Records from a data source:
▶

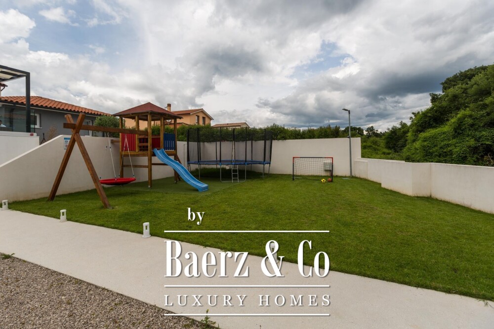 Townhouse Svetvinčenat offers the elegance of contemporary architecture in a peaceful enclave near Štokovci, surrounded by mature greenery. This property encompasses 180 m² of refined living space across a substantial 919 m² plot, presenting a seamless flow between indoors and out. The focus keyword, townhouse Svetvinčenat, is demonstrated in the property's attention to detail and tranquil positioning.
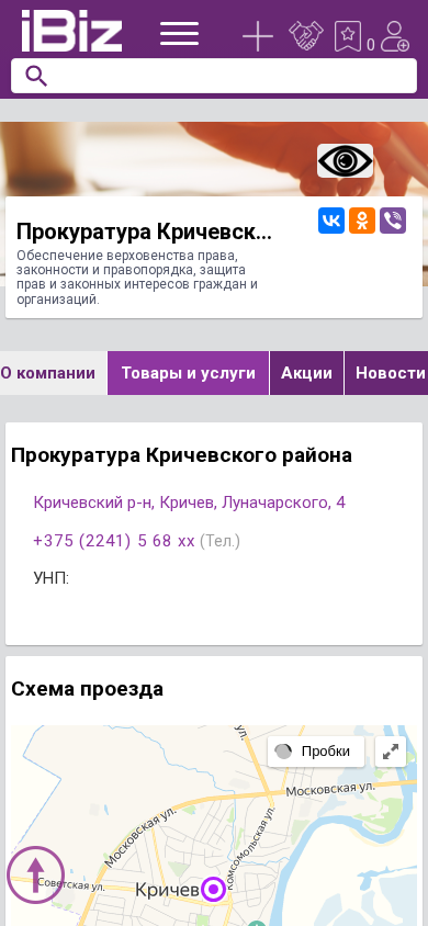 | Название / Заголовок | Прокуратура Кричевского района - Обеспечение верховенства права, законности и правопорядка, защита прав и законных интересов граждан и организаций.. 0, Кричев, , Луначарского, 4 |
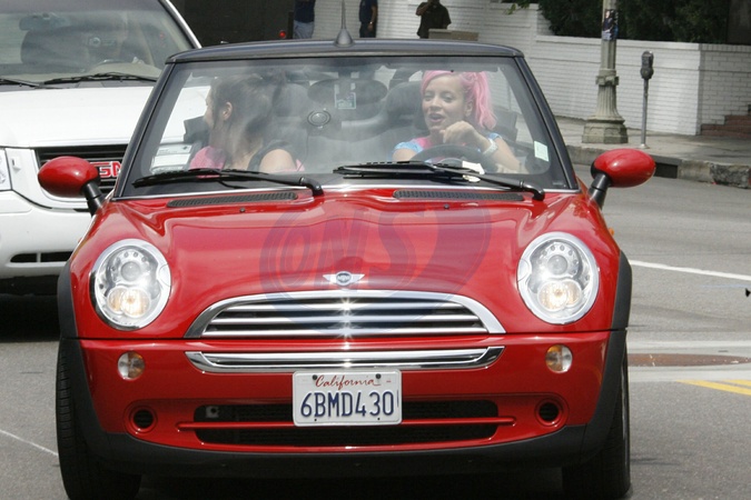 Lily Allen w swoim samochodzie Mini Cooper, Los Angeles
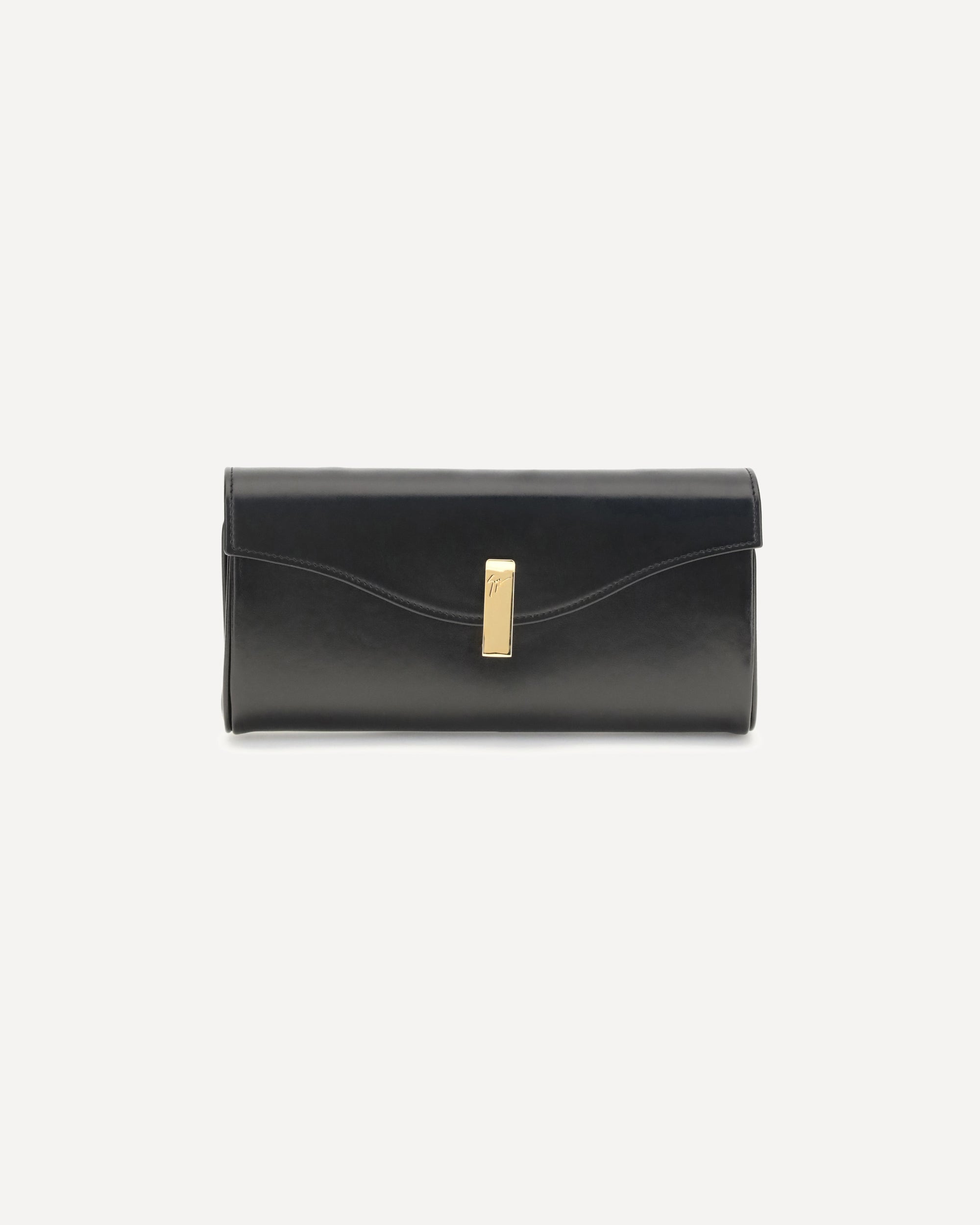 The Flutie Clutch Bag by Giuseppe Zanotti is a compact and refined accessory designed to complete any look with style. Made of smooth leather, it is distinguished by the logoed metal closure that adds an iconic and recognizable detail. The gold-tone chain shoulder strap lends a touch of luminous elegance, while the interior, equipped with a slip pocket and card slot, offers essential functionality. Ideal for evening occasions or for adding a chic accent to your everyday outfit. DETAILS - Sku: EB50002_006 - Season: AW25 - Dimension: 23x23x3 - Composition: GENERAL 100% Leather - MADE IN ITALY
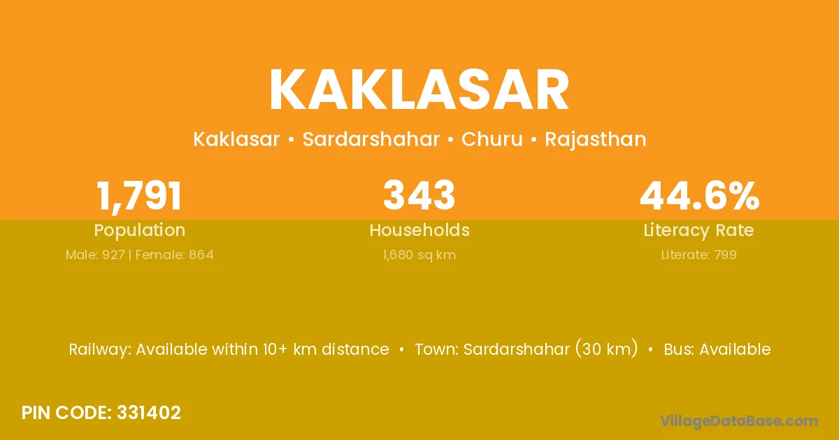 Sardarshahar (30 km) is the nearest town to Kaklasar village for major economic activities and is located approximately 30 km away.
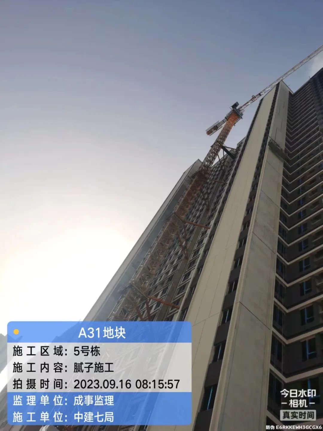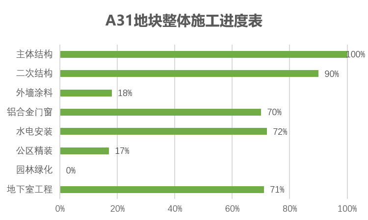 主体结构完成100%;二次结构完成90%;外墙涂料完成18%,铝合金门窗整体完成70%;水电安装完成72%;公区精装完成17%,地下室工程完成71%。
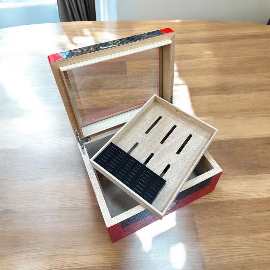 Myon Camlı Sedir Humidor Puro Kutusu Lake Kırmızı 60's
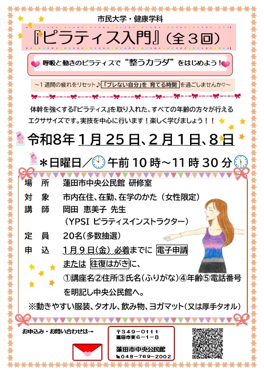 1月9日金曜日までに(必着)、電子申請または往復はがきに、講座名・住所・氏名(ふりがな)・年齢・電話番号を明記し、中央公民館へ
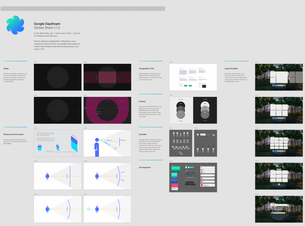 Google VR Sticker sheet was introduced during Google I/O ’17 as a part of the guidelines on how to design screen interfaces for VR. This Sketch file offers a variety of VR UI components and serves as a valuable resource for comprehending spatial relationships, distances, and sizes within virtual reality, allows us to scale the UI from Figma or Sketch to other game engines.
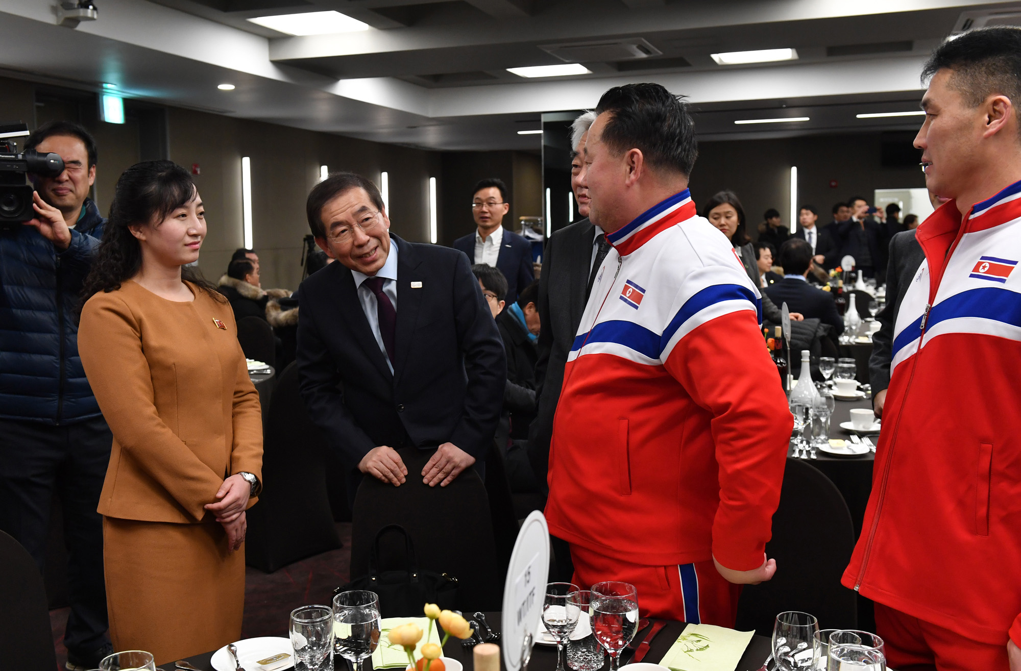 박원순 서울시장이 12일 오후 서울 종로구 세종문화회관 세종홀에서 열린 남북 태권도 시범단 환영만찬에서 남북한 선수들을 격려하고 있다. 서울시 제공
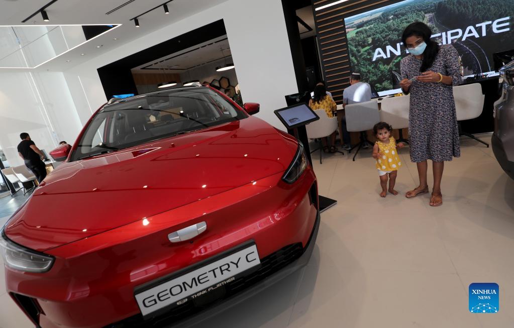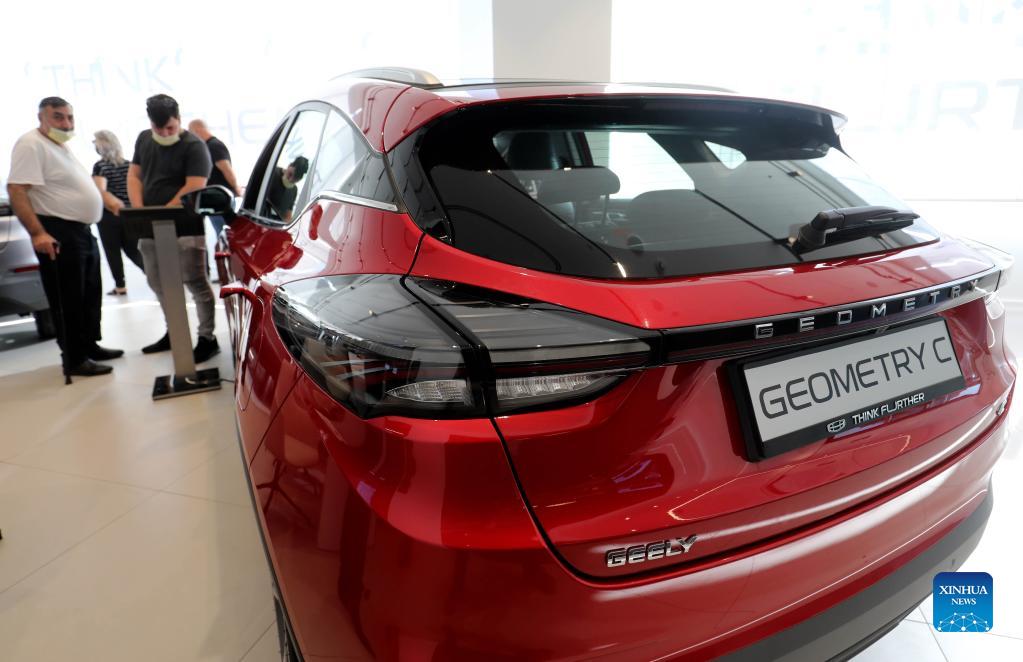 People visit a car company selling electric cars made by China's Geely Auto in Tel Aviv, Israel, on Nov. 10, 2021. Chinese automaker Geely Auto Group has started selling electric cars in Israel through the Israeli dealership Union Group. (Photo by Gil Cohen Magen/Xinhua)
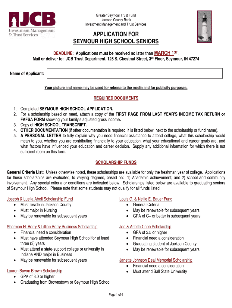 Greater Seymour Trust Fund Jackson County Bank Investment Management and Trust Services APPLICATION FOR SEYMOUR HIGH SCHOOL SENIORS DEADLINE: Applications must be received no later than MARCH 1ST.
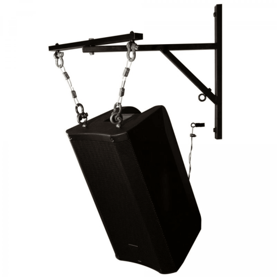 • The bracket mounts to a wall and provides multiple tie points to support a hanging speaker.
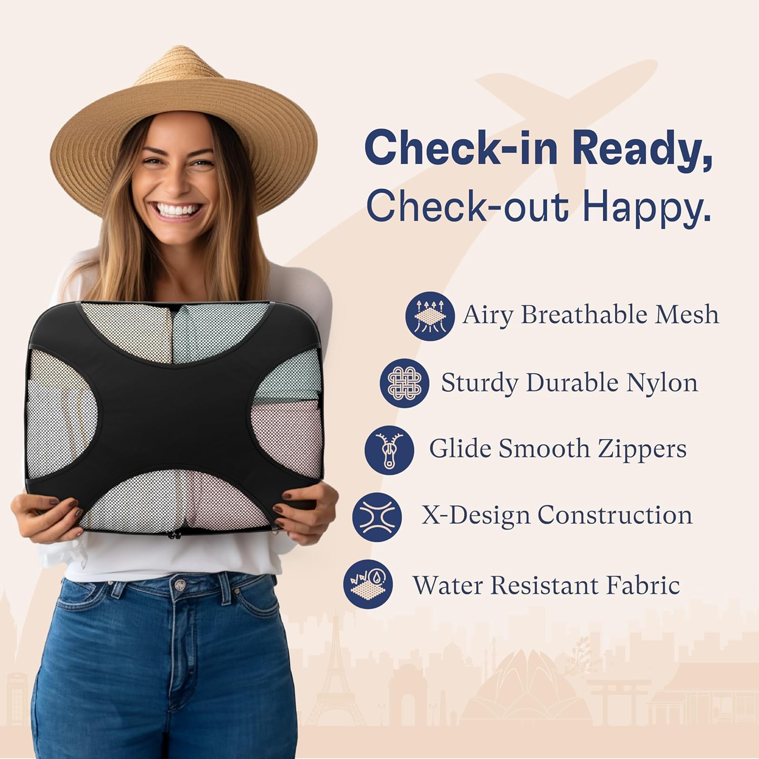 SPACE-SAVING COMPRESSION: Make the most of your suitcase space with these packing cubes for travel; compress your clothes efficiently, reducing bulky excess so you can bring more essentials. Ideal for the savvy traveler who desires both organization and extra room for souvenirs, allowing you to pack smarter and explore longer without sacrificing style or comfort.
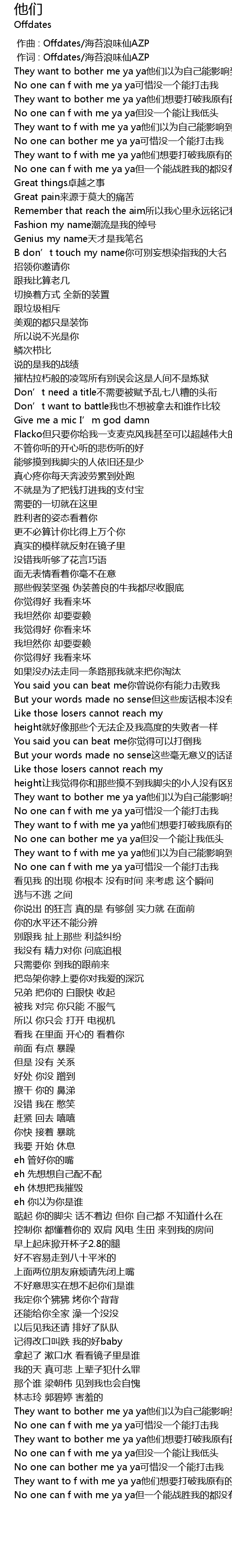 | [00:15.247] | They want to bother me ya ya他们以为自己能影响到我 |
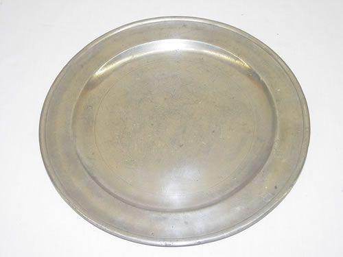 12 1/4" EARLY AMERICAN PEWTER CHARGER-MARKED S.G. BOSTON (SAMUEL GREEN) - WEAR, SCRATCHES & IMPERFECTIONS

◀

- [Assignment]: Starting at the line above that has "Myon Camlı Sedir" and ending at the line that has "a hanging speaker.", copy each line exactly, leaving the pictures out and adding nothing.

- [Result of this task]:
 Myon Camlı Sedir Humidor Puro Kutusu Lake Kırmızı 60's
 1月9日金曜日までに(必着)、電子申請または往復はがきに、講座名・住所・氏名(ふりがな)・年齢・電話番号を明記し、中央公民館へ
 Google VR Sticker sheet was introduced during Google I/O ’17 as a part of the guidelines on how to design screen interfaces for VR. This Sketch file offers a variety of VR UI components and serves as a valuable resource for comprehending spatial relationships, distances, and sizes within virtual reality, allows us to scale the UI from Figma or Sketch to other game engines.
 박원순 서울시장이 12일 오후 서울 종로구 세종문화회관 세종홀에서 열린 남북 태권도 시범단 환영만찬에서 남북한 선수들을 격려하고 있다. 서울시 제공
 People visit a car company selling electric cars made by China's Geely Auto in Tel Aviv, Israel, on Nov. 10, 2021. Chinese automaker Geely Auto Group has started selling electric cars in Israel through the Israeli dealership Union Group. (Photo by Gil Cohen Magen/Xinhua)
 Greater Seymour Trust Fund Jackson County Bank Investment Management and Trust Services APPLICATION FOR SEYMOUR HIGH SCHOOL SENIORS DEADLINE: Applications must be received no later than MARCH 1ST.
 • The bracket mounts to a wall and provides multiple tie points to support a hanging speaker.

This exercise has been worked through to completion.